FILE - A motorbike taxi laden with locally-picked bananas is seen parked on the dirt track between the town of Mundemba and the village of Fabe, June 8, 2012.
Central Africa remains one of the poorest regions in the world, with 70 percent of the population living on less than $1 a day and 30 percent of the people going hungry.

The Central African Economic and Monetary Community, CEMAC, has done little to make a dent in rampant poverty since the six-nation grouping was formed in 1994.

Paul Tasong, CEMAC’s commissioner for monetary, economic and financial policies, tells VOA the African sub-region remains poor due to a lack of political will towards more effective integration. 

"We have several shortfalls," he said. "Don't forget that when we talk about integration it is a question of trade-off between sovereignty and regional concerns.
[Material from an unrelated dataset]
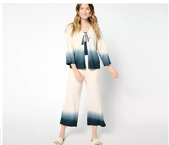 From everyday errands to vacation destinations, these delightful dip dye crop pants showcase your playful personality when you're out and about. From LOGO by Lori Goldstein®. Features: cropped length, dip dye design, flat front waistband with elastic back, side slits, side entry pockets Rise: at the waist Fit: relaxed fit; generously cut with maximum wearing ease Leg Shape: wide leg; widens fashionably from thigh to leg opening Inseam: missy/plus inseam 25" Content: 100% cotton Care: machine wash, tumble dry
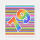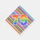 This fun, exciting, and eye-catching paper napkin design features a colourful striped pattern, along with the number "79" having a multicolored rainbow like gradient pattern. Paper napkins like these could be fun to use at a party being held to celebrate somebody’s seventy ninth birthday, or perhaps a couple’s seventy ninth wedding anniversary, or some other 79th event. [~Z0000352]

This is where the greatest challenge is getting the various countries to drop off a bit of their sovereignty. Central Africa is the slowest of the sub-regions in terms of economic growth and paradoxically the most endowed in terms of natural resources."

Economic growth was just 2.2 percent last year - 50 percent less than forecast - in the bloc comprising Gabon, Cameroon, the Central African Republic, Chad, the Republic of Congo and Equatorial Guinea.

Paul Tasong says another problem is misallocation and duplication of development resources - such as on unprofitable infrastructure projects.

"If you look at what the government of Cameroon is putting in to construct a deep sea port - and you imagine that all the countries that have a sea front in the sub region want to go into the same exercise of constructing a deep sea port - then you will see how much waste that could be. Otherwise it's much more profitable for all the countries to share infrastructure in such a way that if we are able to have one deep seaport in the sub-region all the countries can share and redirect their own resources in putting in place other infrastructure which could be shared," said Tasong.

CEMAC nations have many projects that have never gotten out of the planning stages - like the creation of a regional airline, a stock exchange and a biometric passport system which was supposed to be implemented in January to facilitate the free movement of people.

Pierre Moussa, president of the CEMAC commission, says the goal of a functioning common market and customs union remains distant, leaving tens of millions of people mired in poverty. 

He says Central African states must realize that integration is not a threat to sovereignty but is necessary to boost the trade which will increase living standards.